Back to Top | Back to Astrobiology

What are we looking for exactly, and how is the search performed?

This is the fun part. A civilization of intelligence at least equal to our own will either deliberately send out some type of beacon, or emanate radio noise as a result of technology. These signals can be sent optically, through radio waves, or by some other method; however, our own atmosphere limits us to only optical or radio wave detection (Universe, page 140). An optical pulse detector can be used, but visible light suffers from extinction (Universe, page 457) – meaning the signal weakens as it travels through the interstellar medium as it is absorbed by the interstellar dust and debris. While searching for an optical pulse (called Optical SETI, or OSETI) is gaining favor, telescope and other equipment is required to perform such a search, and the cost will alienate just about anyone who wants to join the search (more on OSETI here: http://www.coseti.org/radobs31.htm).
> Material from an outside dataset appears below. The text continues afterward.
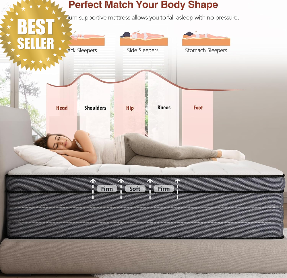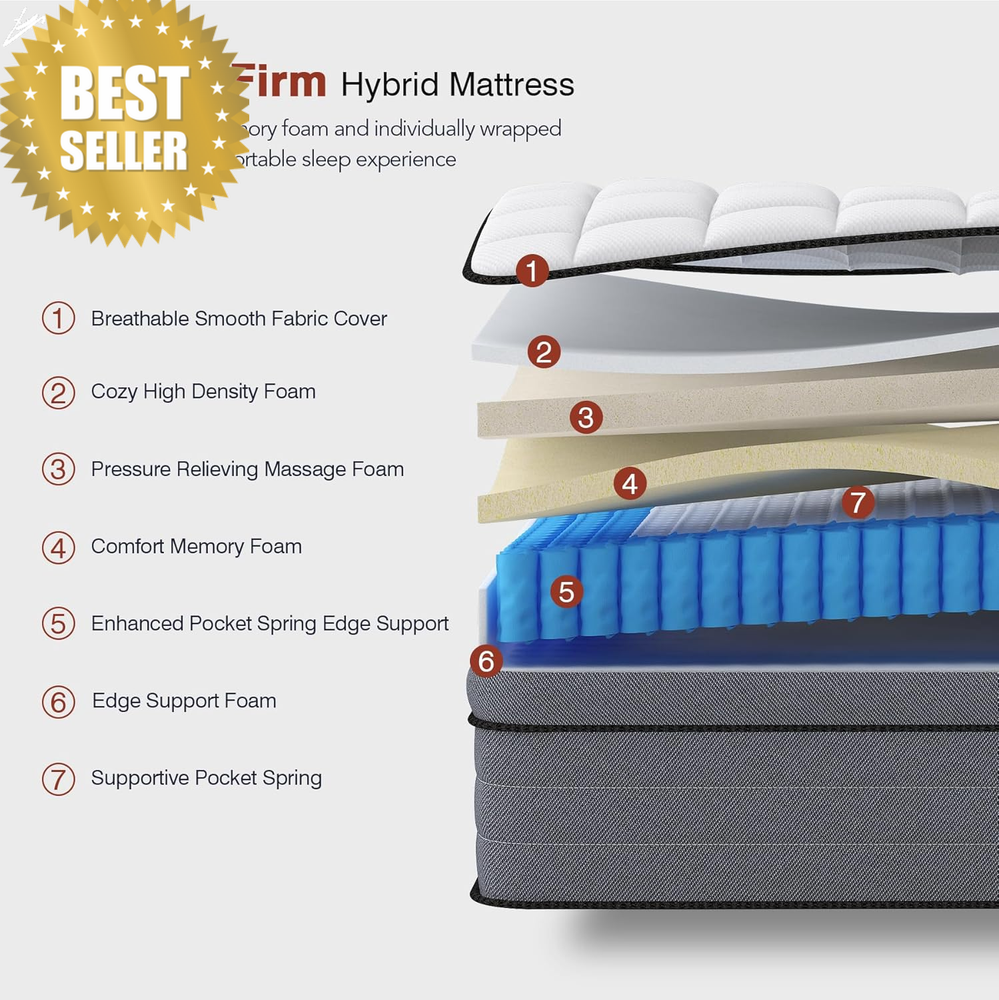 Fa lconbay_US King 14in Hybrid Mattress Medium Firm Gel Foam Bed in Box CertiPUR-US 365 Night FEATURES ⚙️ 14″ Medium Firm King Size Hybrid Mattress — Gel Memory Foam & Individually Wrapped Springs, Lumbar Support, Pressure Relief, Motion Isolation, CertiPUR‑US® | 365‑Night Trial 🪶 Product Description Sleep better and feel refreshed every morning with this 14‑inch Medium Firm King Size Hybrid Mattress — expertly engineered to deliver balanced comfort, breathable support, and lasting durability. 🛏️ Combining cooling gel memory foam with individually wrapped pocket springs, this mattress offers the perfect blend of cushioning comfort and structured support for your body, night after night. Whether you’re a back, side, or stomach sleeper, an office worker needing deep rest, or someone requiring enhanced spinal support, this hybrid mattress adapts to your needs. Motion‑isolating springs ensure peaceful sleep for you and your partner, while breathable materials help reduce heat buildup so you stay comfortable all night long. With a 365‑night trial and CertiPUR‑US® certified foam, this mattress brings premium sleep performance right to your doorstep. 🇺🇸 📏 Specifications • Size: King (76″ W × 80″ L × 14″ H) • Firmness: Medium Firm • Construction: Hybrid — Gel Memory Foam + Individually Wrapped Pocket Springs • Maximum Recommended Support Weight: Up to 700 lbs • Cover: 3D Soft Knit Breathable Fabric • Certifications: CertiPUR‑US® Certified Foam • Delivery: Vacuum‑Packed & Rolled (Bed in a Box) • Expansion Time: Approx. 24–72 Hours • Trial: 365‑Night Sleep Trial 🔧 Key Features ✅ Comfort for All Sleep Positions: Designed with a multi‑layer construction that conforms to your body for comfort whether you’re a back, side, or stomach sleeper. ✅ Motion Isolation for Quiet Nights: Individually wrapped coils help absorb movement — perfect for couples and pet owners who don’t want to be disturbed. ✅ Breathable & Cool: The 3D soft knit fabric and cooling gel foam work together to enhance airflow and wick away moisture for a fresher sleep. ✅ Pressure Relief Support: Gel memory foam contours to your shape and helps relieve pressure on hips, shoulders, and joints. ✅ Superior Edge Stability: Reinforced edges help prevent sagging and expand usable sleeping surface. ✅ Trusted Safety Standards: Foam materials are CertiPUR‑US® certified for content, emissions, and durability — safe for your home. 🌟 Why You’ll Love It ✔️ Balanced medium firm feel — not too soft, not too firm. ✔️ Excellent motion control for uninterrupted sleep. ✔️ Breathable sleep surface helps you stay cool. ✔️ Compatible with most king bed frames and foundations. ✔️ Great performance backed by a 365‑night trial . 📦 What’s in the Box • 1 × King‑Size Hybrid Mattress (14″) — vacuum‑sealed and rolled for easy delivery • Setup & Care Guide • Trial & Warranty Information 💡 Tips for Use • After unboxing, allow 24–72 hours for the mattress to fully expand and reach optimal comfort. • For safety during unboxing, ensure no one is standing in the direction the mattress could spring out. • Pair with a sturdy bed frame or foundation for best support and longevity. • Use a mattress protector to keep your new bed clean and protected. 📦 Fastest Shipping Guaranteed Unlike other stores that offer cheaper products but come with delivery delays of up to 30 days, we take pride in offering fast and reliable shipping . Based in the American, we guarantee your order will be delivered within 3–8 days , with no unexpected delays (unless under rare circumstances). When you shop with us, you’re choosing speed and satisfaction. 📦🚚 ❓ FAQs Q1: Is this mattress good for all sleep types? 👉 Yes — the medium firm feel and hybrid design support back, side, and stomach sleepers alike. Q2: Will it help with motion transfer? 👉 Absolutely — individually wrapped springs and memory foam help isolate motion for quieter sleep. Q3: Does this mattress sleep cool? 👉 Yes — breathable cover and cooling gel memory foam help improve airflow and reduce heat retention. Q4: How long should I wait before using it? 👉 Let it fully expand for 24–72 hours after unboxing for the best comfort. Q5: Is this mattress safe and certified? 👉 Yes — it’s made with CertiPUR‑US® certified foam , meeting rigorous standards for content and durability. Age Range Description Adult Style 14 Inch Medium Firm Item Weight 71.8 pounds Product Dimensions 80"L x 76"W x 14"Th Number of Layers 3 Top Style Euro Top Item Firmness Description Medium Firm Fill Material Gel Memory Foam Weight Limit 700 Pounds Size King Special Feature Breathable, Durable, Low Motion Transfer, Pressure Relief, Vacuums Cover Material 3D soft knit fabric 76.0 "th x 80.0 "th x 14.0 "th. Weight: 71.8 lb PAYMENT We accept all payments via Ebay using Credit Cards , Affrim, PAYPAL , Apple Pay and many others SHIPPING We are always working hard to ensure your package arrives as soon as possible. Please understand that some factors like weather, high postal traffic, and the performance of shipping companies are outside of our control. DELIVERY & RETURN POLICY We offer a 30-Day Return Policy on items in which you are not completely satisfied with. You have the option of a full-refund.

A radio telescope can be tuned to a specific frequency, such as above and below the emission of the Hydrogen spectra. An example of this is our ability to map the structure of our own galaxy using a radio telescope – something that is not possible using an optical telescope (Universe, page 568). By scanning above and below the frequency emitted by Hydrogen, we may have luck detecting a deliberate signal. Hydrogen is the most abundant element in the Universe, and any intelligent civilization would know this. Intelligent civilizations would also know that Hydrogen emits radio waves at 21cm (see figure 1).

Figure 1.  A 21cm photon is release when the hydrogen atom goes from higher energy state to lower energy state. Think of this frequency as the interstellar dial-tone. A radio telescope is tuned to 1420MHz to listen to this frequency (Image from: http://instruct1.cit.cornell.edu/courses/astro101/lec08.htm).

By using the Hydrogen frequency as an interstellar dial-tone, an intelligent civilization may send a signal using a frequency above or below the frequency of Hydrogen. This gives us a place to start looking – or listening (Shostak, page 151).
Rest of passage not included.